Apologies if this has been posted before...I am moving to Lancaster in September for University and will be bringing my horse with me sometime in October. I am looking for recommendations of yards close to Lancaster university. I would like somewhere friendly, with as much turn out as possible and a decent surface. I hope to continue to compete but won't have a licence for transport so a yard that hosts competitions and lessons or offers transport would be great. 

I'd also like any recommendations of vets/farrier for an accident prone shoe looser!

It would also be great to know who is good for flat work and showjumping lessons. 

Basically any information about horsey stuff is welcome, I am totally new to the area and have no contacts!

Thanks in advance,
Lyssie x


----------



## abb123 (6 July 2015)

Good luck!

It's not great for horses up there to be honest. I moved up there and then moved back down to Cheshire as it was so rubbish and commute up to the University a few times a week.
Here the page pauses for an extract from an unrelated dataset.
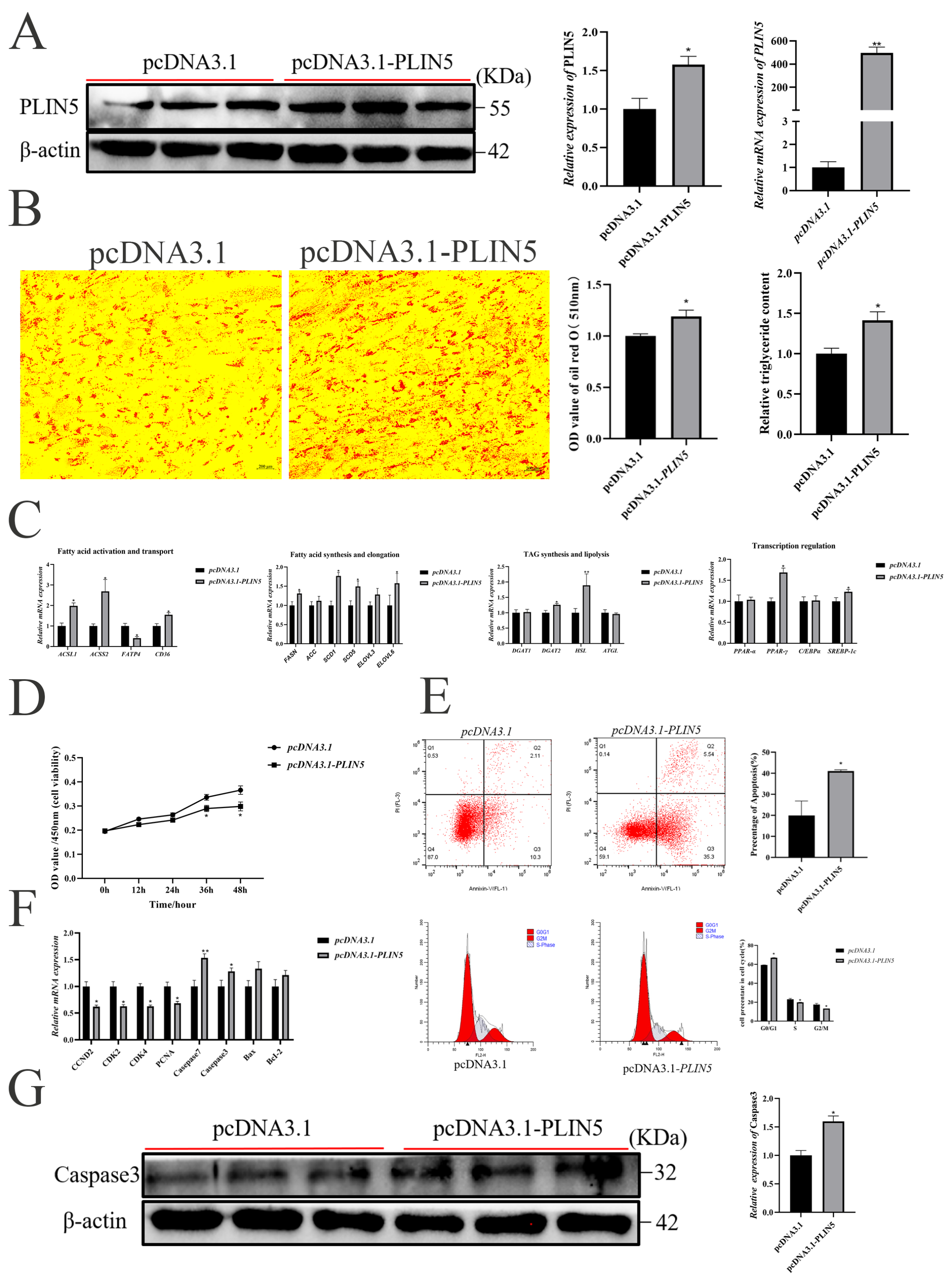 3.2. Overexpression of PLIN5 Promotes Adipogenesis and Inhibits Proliferation of Goat Intramuscular Preadipocytes

There is very very little turn out - virtually none existent in winter as it is so wet and most places only do day turn out all year round. There are not many livery centres although I think north of the city is better but it is hard to get over as traffic to get over the river is always busy. It is also relatively expensive (compared to my area anyway!) and will probably be a minimum of around £40 - £50 a week for basic DIY. There isn't much hacking either! The best place to find livery is to post on some of the message boards and on the facebook area site.

They do do great hay up there though! Best I have ever seen and the only thing I miss!
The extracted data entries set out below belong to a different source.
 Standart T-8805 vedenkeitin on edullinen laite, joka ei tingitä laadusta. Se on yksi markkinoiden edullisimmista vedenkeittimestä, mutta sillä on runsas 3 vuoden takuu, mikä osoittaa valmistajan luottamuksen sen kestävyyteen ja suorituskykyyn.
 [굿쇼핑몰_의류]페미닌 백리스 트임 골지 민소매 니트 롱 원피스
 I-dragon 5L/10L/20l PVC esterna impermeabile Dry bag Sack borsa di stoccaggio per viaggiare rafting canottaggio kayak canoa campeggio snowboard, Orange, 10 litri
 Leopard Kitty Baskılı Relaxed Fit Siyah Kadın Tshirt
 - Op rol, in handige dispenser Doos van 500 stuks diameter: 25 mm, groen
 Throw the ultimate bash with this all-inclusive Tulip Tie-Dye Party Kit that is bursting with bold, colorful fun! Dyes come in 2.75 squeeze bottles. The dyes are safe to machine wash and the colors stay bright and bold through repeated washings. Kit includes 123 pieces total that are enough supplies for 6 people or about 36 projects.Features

The best place for competitions is Myerscough but it is ~ 30 mins or so away from the University down the A6. They do do livery there but I have no idea what it is like.

Maybe I just had bad luck finding somewhere up there though and you may find it much better.


----------



## Floxie (8 July 2015)

Sent you a PM with some info


----------



## Lyssie (8 July 2015)

Thanks for the information! I will look forward to the hay! Any specific yards to try?


----------



## Passionflower (2 September 2015)

Hi Lyssie, im in Lancaster! How far do you want to travel for livery? PM me and il give you as much info as possible! X


----------



## Toast (6 September 2015)

Im in Lancaster, yards are pretty sparse especially near the uni. I live over the other side of Lancaster though and can recommend a couple there! It depends how far you want to travel. My farrier is excellent, his name is James Newhouse. He's on facebook or if you want his telephone number feel free to pm me.


----------



## Frecklescharm (20 August 2016)

Hiya,

I realise this is an old thread but I'm in the same situation moving to Lancaster for uni in October and need somewhere for my pony. Could anyone help? I don't drive currently so need as close to the uni as possible! 

Thank you!


----------